### About this exercise
After locating the line that holds "ムジークプラッツvol.42019.9/29(日)会場:青陵大学 新1号館 4階音楽室裏面あり。", copy that line and all that follow it word for word through the end of the data, with no pictures.

### Data provided
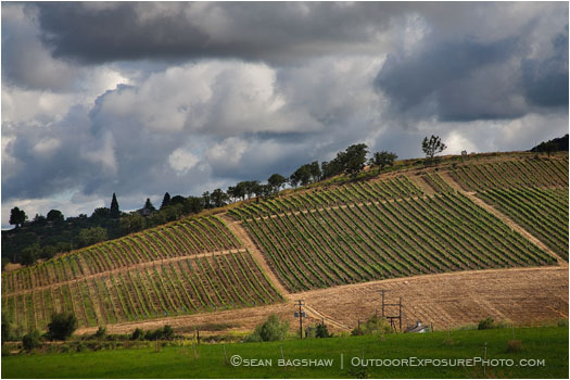 The straight rows of the vineyard at RoxyAnn Winery in Medford, Oregon.
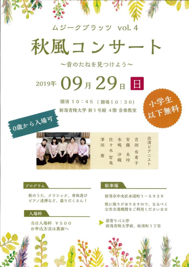 ムジークプラッツvol.42019.9/29(日)会場:青陵大学 新1号館 4階音楽室裏面あり。 中央区 permalink こんな演奏会も。(終了したものもあります)関連したものがみつかりませんでした
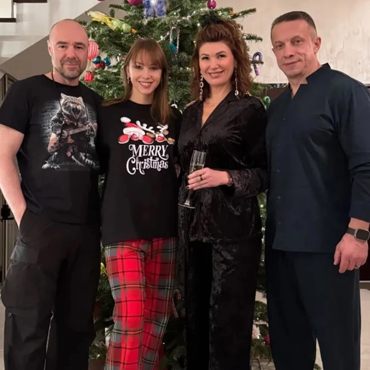 Диброва надела черную футболку с надписью «Счастливого Рождества», красные клетчатые брюки и меховые тапочки, а бизнесмен выбрал полностью черный наряд.
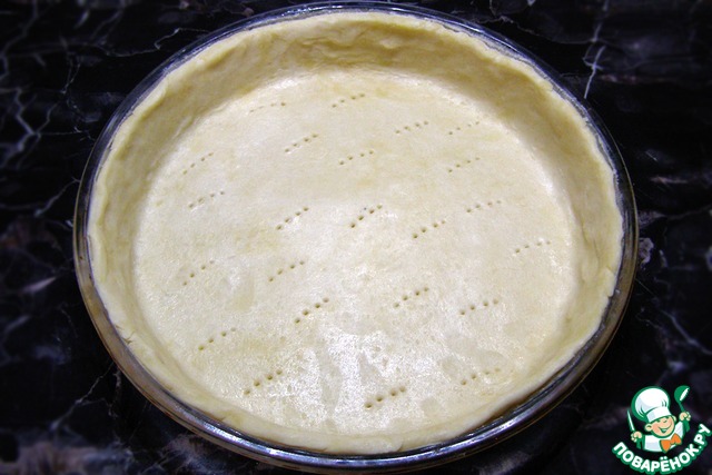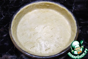 Распределим тесто по форме, закрывая бортик по всей высоте. После этого тесто надо наколоть вилкой.

### Output for this exercise
 ムジークプラッツvol.42019.9/29(日)会場:青陵大学 新1号館 4階音楽室裏面あり。 中央区 permalink こんな演奏会も。(終了したものもあります)関連したものがみつかりませんでした
 Диброва надела черную футболку с надписью «Счастливого Рождества», красные клетчатые брюки и меховые тапочки, а бизнесмен выбрал полностью черный наряд.
 Распределим тесто по форме, закрывая бортик по всей высоте. После этого тесто надо наколоть вилкой.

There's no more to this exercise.